> Problem description: When you repeat the entries below, keep each word exactly as it is and drop the pictures.

> Source data:
---------------

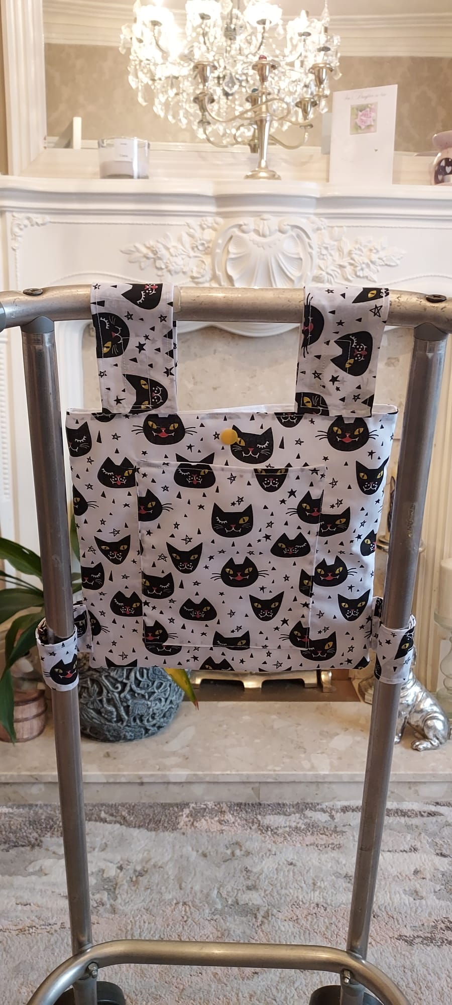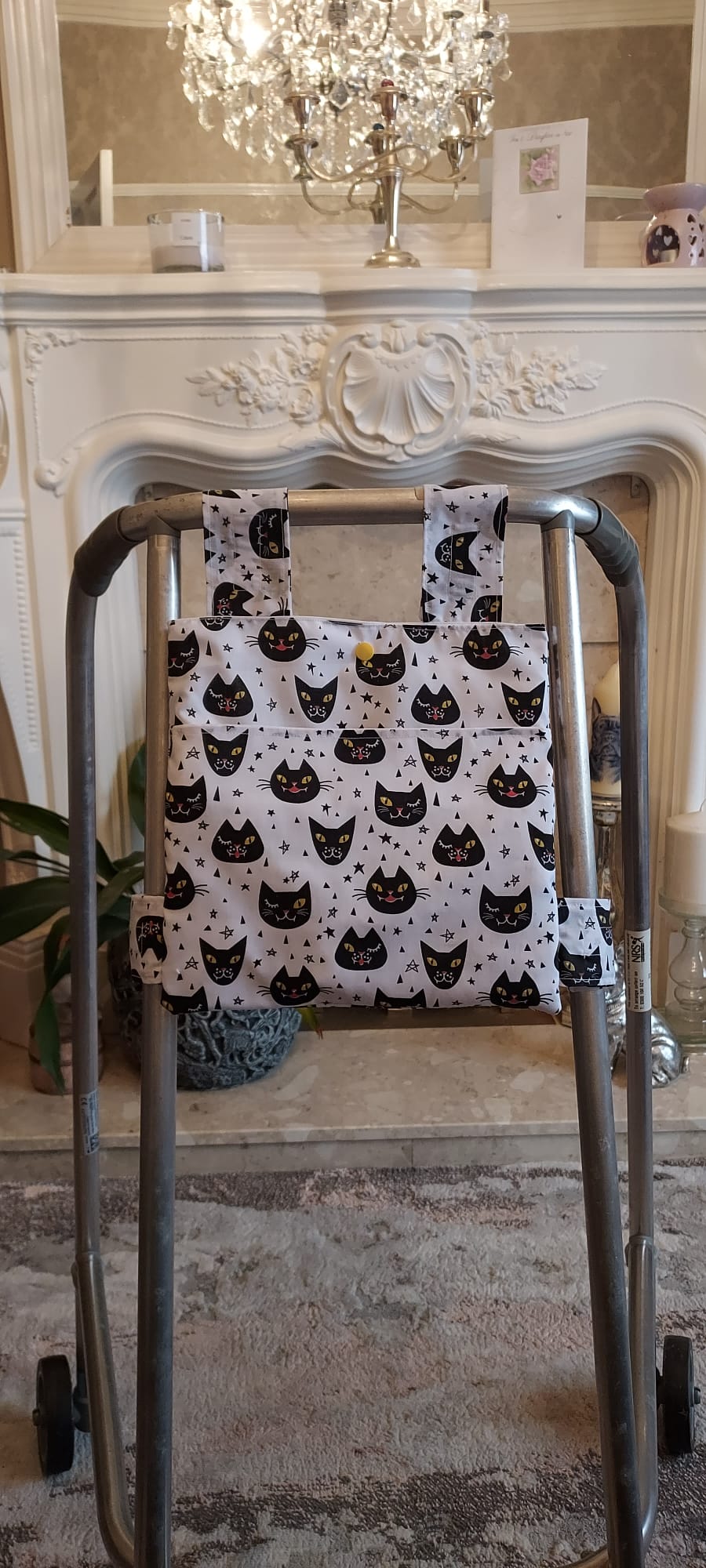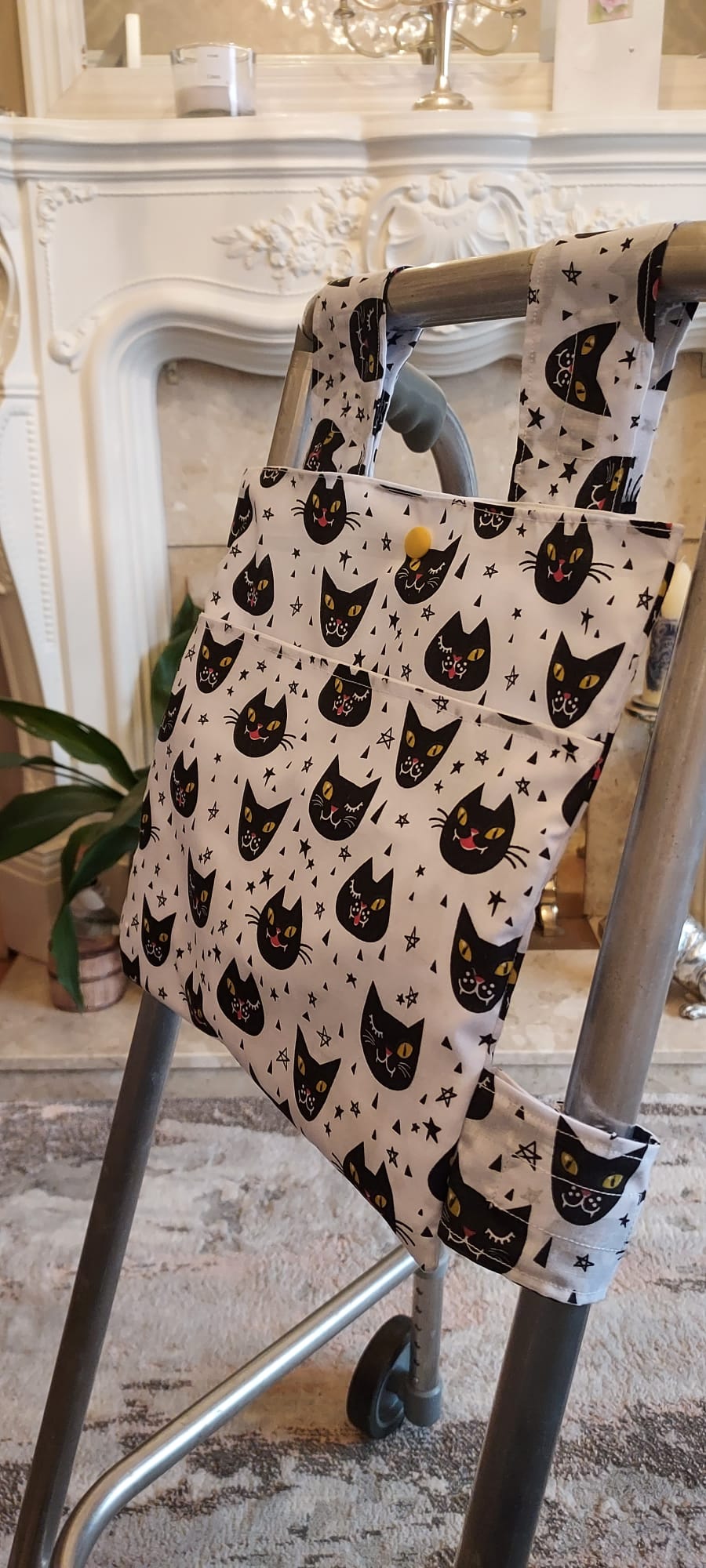 Black cat Zimmer frame bag, walking frame bag, accessories, walking aid, handmade, bag, storage
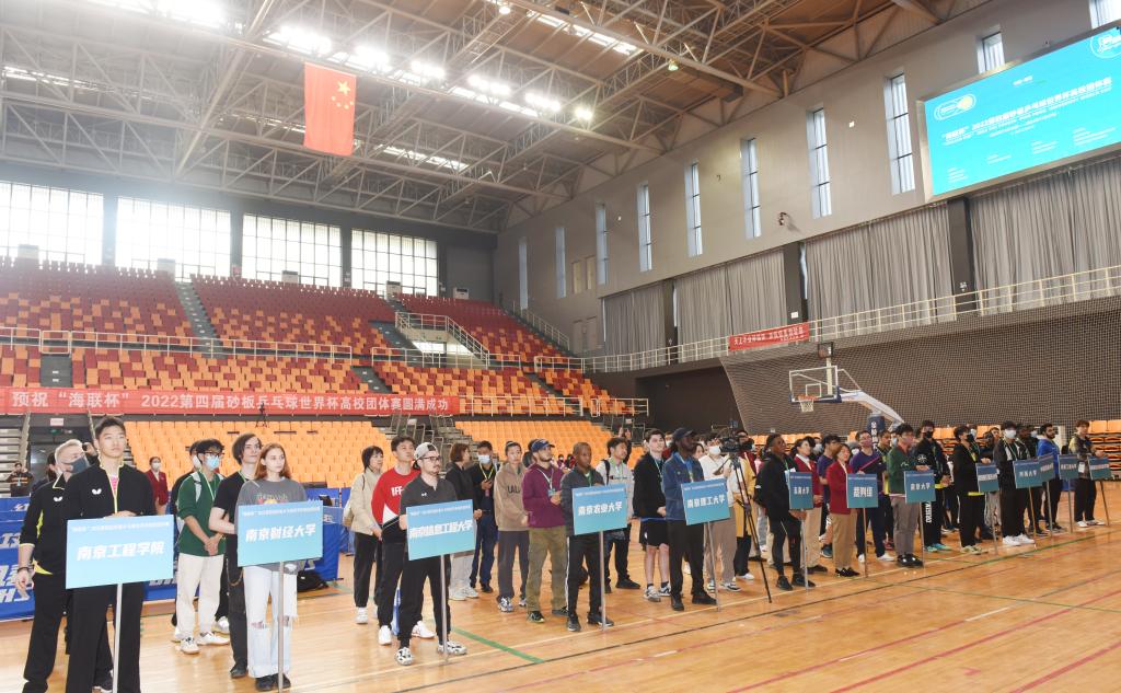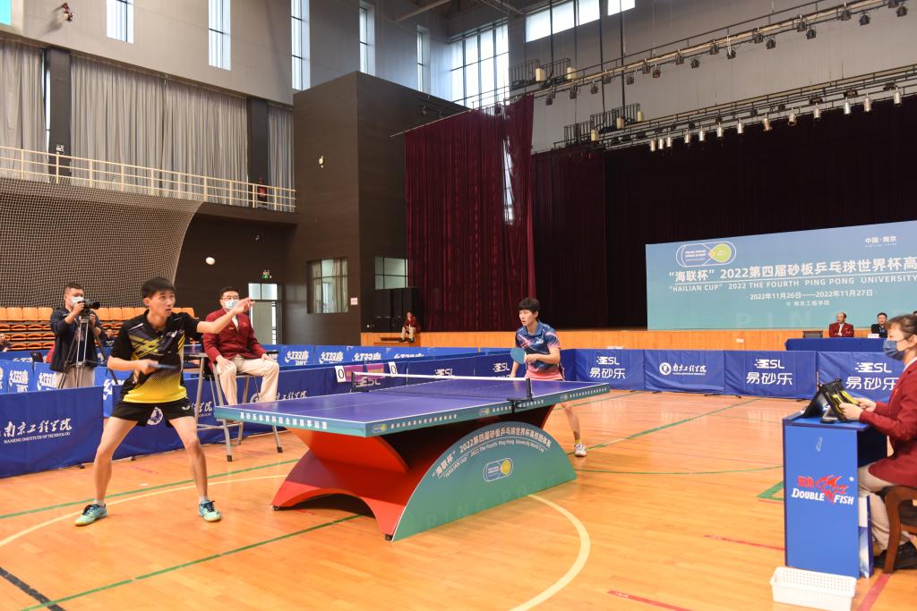 11月26日至27日,“海联杯”2022第四届砂板乒乓球世界杯高校团体赛在学校体育中心主馆正式开赛。此次赛事由江苏省海外联谊会、江苏省体育总会、江苏省友协共同主办,来自15所高校的近50名运动员组队参赛,其中包括19名外籍选手。
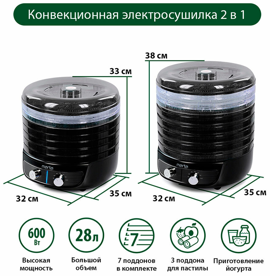 Сушилка для овощей и фруктов MARTA MFD-8017PS, темный обсидиан
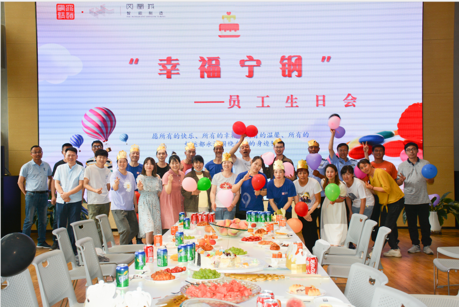 為感謝員工的辛勤付出和努力,豐富員工精神文化生活,增強員工歸屬感,深切感受公司大家庭的溫暖。6月30日下午寧夏鳳凰城智能制造有限公司迎來了首屆“幸福寧鋼”員工生日會。隨著現場優美歡快的音樂,26位壽星,歡聚一堂,共享歡樂。
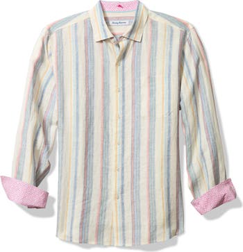 Yarn-dyed stripes in sunfaded hues bring a tranquil, beachy look to a breathable sport shirt of pure linen, distinguished with print contrast under the cuffs.
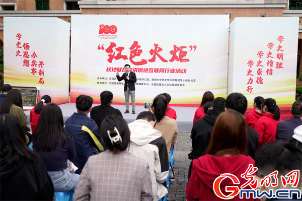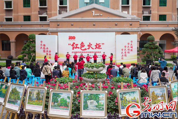 展油画、说快板、讲评书……4月20日,在taptap点点官方网站(重庆)产业技术研究院中心广场上,学校与北碚区成立的“红色火炬”校地联合党史宣讲团正用多种艺术形式的党史教育面向互联网行业轮番“开讲”。活动受到光明网、重庆日报、重庆卫视、上游新闻等多家媒体广泛报道。

---------------

> Final answer:
 Black cat Zimmer frame bag, walking frame bag, accessories, walking aid, handmade, bag, storage
 11月26日至27日,“海联杯”2022第四届砂板乒乓球世界杯高校团体赛在学校体育中心主馆正式开赛。此次赛事由江苏省海外联谊会、江苏省体育总会、江苏省友协共同主办,来自15所高校的近50名运动员组队参赛,其中包括19名外籍选手。
 Сушилка для овощей и фруктов MARTA MFD-8017PS, темный обсидиан
 為感謝員工的辛勤付出和努力,豐富員工精神文化生活,增強員工歸屬感,深切感受公司大家庭的溫暖。6月30日下午寧夏鳳凰城智能制造有限公司迎來了首屆“幸福寧鋼”員工生日會。隨著現場優美歡快的音樂,26位壽星,歡聚一堂,共享歡樂。
 Yarn-dyed stripes in sunfaded hues bring a tranquil, beachy look to a breathable sport shirt of pure linen, distinguished with print contrast under the cuffs.
 展油画、说快板、讲评书……4月20日,在taptap点点官方网站(重庆)产业技术研究院中心广场上,学校与北碚区成立的“红色火炬”校地联合党史宣讲团正用多种艺术形式的党史教育面向互联网行业轮番“开讲”。活动受到光明网、重庆日报、重庆卫视、上游新闻等多家媒体广泛报道。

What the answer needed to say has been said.